More than four months on, what triggered the detonation of the material remains unclear, but government officials have said that they have not ruled out sabotage.

“Everything that’s happening is suspicious,” Diab told CNN. “There’s something that’s unexplainable, the timing of this, what’s happening.”

Diab has been charged with criminal neglect as part of a judicial probe into the blast.

He denies the charge and says he has been singled out despite the fact the explosive material had been stored at the port for around six years before he took office.

“You must ask the questions: Who brought the ship? Who owns it? Who paid for it? Who was silent about it for seven years?” Diab said.

Since the ammonium nitrate arrived in Beirut, Lebanon has had four prime ministers, including the country’s current Prime Minister-designate Saad Hariri, who has denounced the charging of Diab.

Three ex-ministers also face charges in connection with the deadly blast.

Diab — who had already submitted a voluntary affidavit — declined to be questioned by the judge leading the investigation, saying it lacks a constitutional basis.

The investigation was suspended, after two of the ex-ministers facing charges requested that the judge be removed from the case.

The documents forwarded to the public works ministry before the blast raised the possibility that the explosive material could be stolen; they warn of a broken door at the warehouse where the deadly material was stored, and reveal that security there was scant.

A Lebanese intelligence official told CNN that 1,300 tons of ammonium nitrate had gone missing from the warehouse prior to the explosion.

Diab’s government, which will be replaced when a new cabinet is formed, has repeatedly acknowledged receiving prior warnings about the dangers posed by the storage of the explosive material at the port.

Previous governments were also notified about the warehouse, but no one addressed the problem.

‘No regrets’

Diab has repeatedly accused Lebanon’s ruling elite of “besieging” his government and upending its plans to carry out a series of economic and political reforms.

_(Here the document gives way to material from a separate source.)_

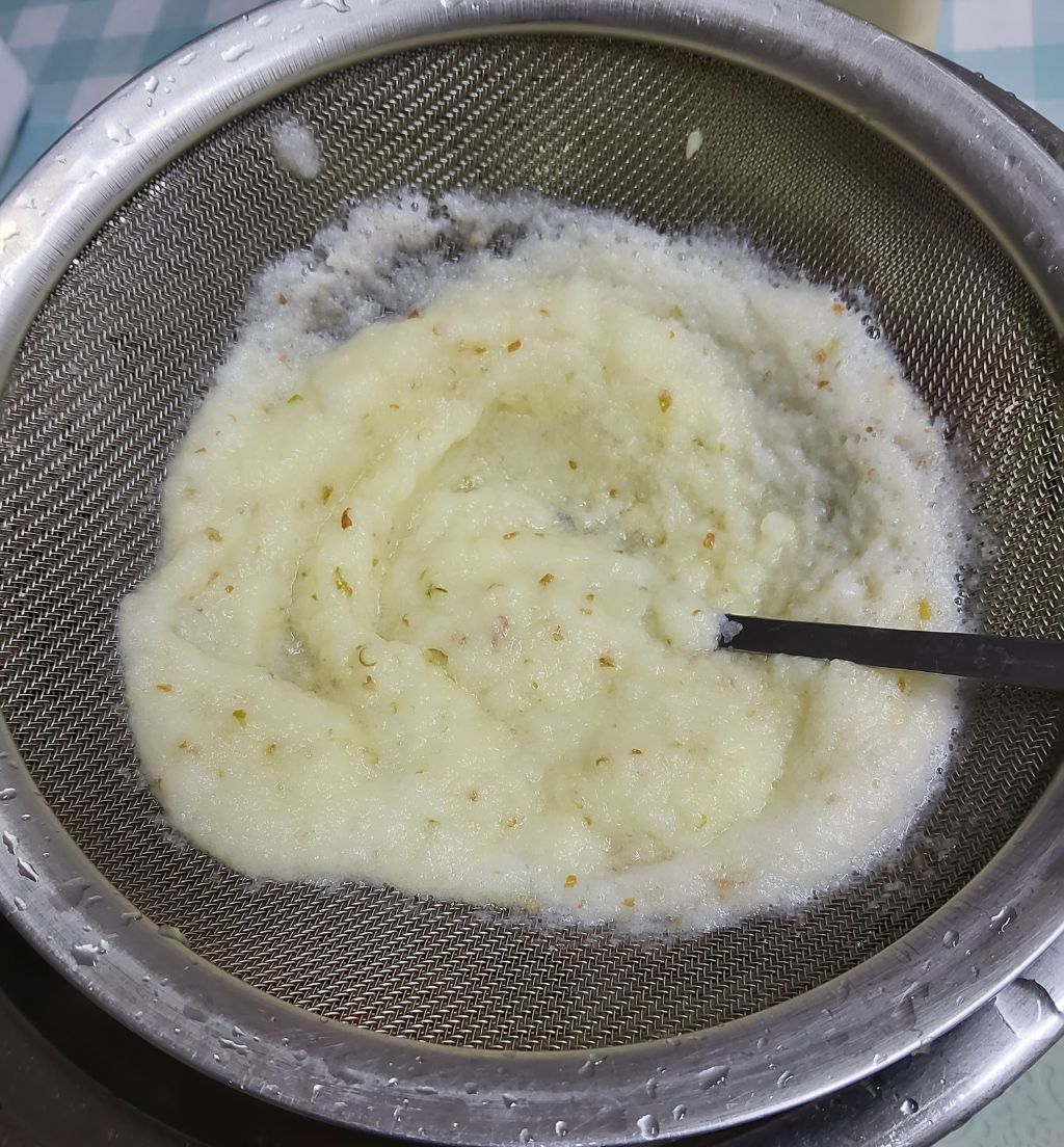 갈아 놓은것 그냥 넣어도 좋지만 생수를 부어가며 망에 걸러줍니다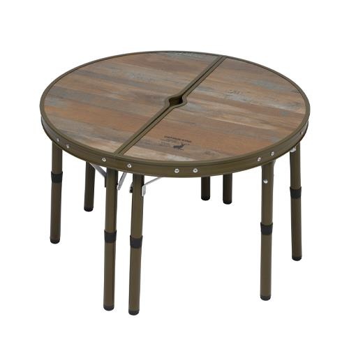 ・テントポールやパラソルポールなどを挟んで使える丸形テーブル。

He took power in January 2020, months after a popular uprising engulfed the country, and as the crisis-ridden country was approaching a financial meltdown.

A technocrat and a professor at the American University of Beirut, Diab has headed a largely technocratic government that was ushered in by a Hezbollah-backed parliamentary majority.

But his tenure has seen the country’s currency tank, the coronavirus pandemic take hold, poverty levels soar and Beirut’s port destroyed.

Diab says his government “was an opportunity for Lebanon to retrieve some of its losses, economic, social, financial.”

“With the support of political parties, with the support of the (Arab) Gulf (countries), with the support of the Europeans and Americans, we would have made a big, huge difference and we were not provoking anyone,” he said.

“In a country like Lebanon … you need consensus, and you need support from the international community as well, and the Gulf. None of these were forthcoming.”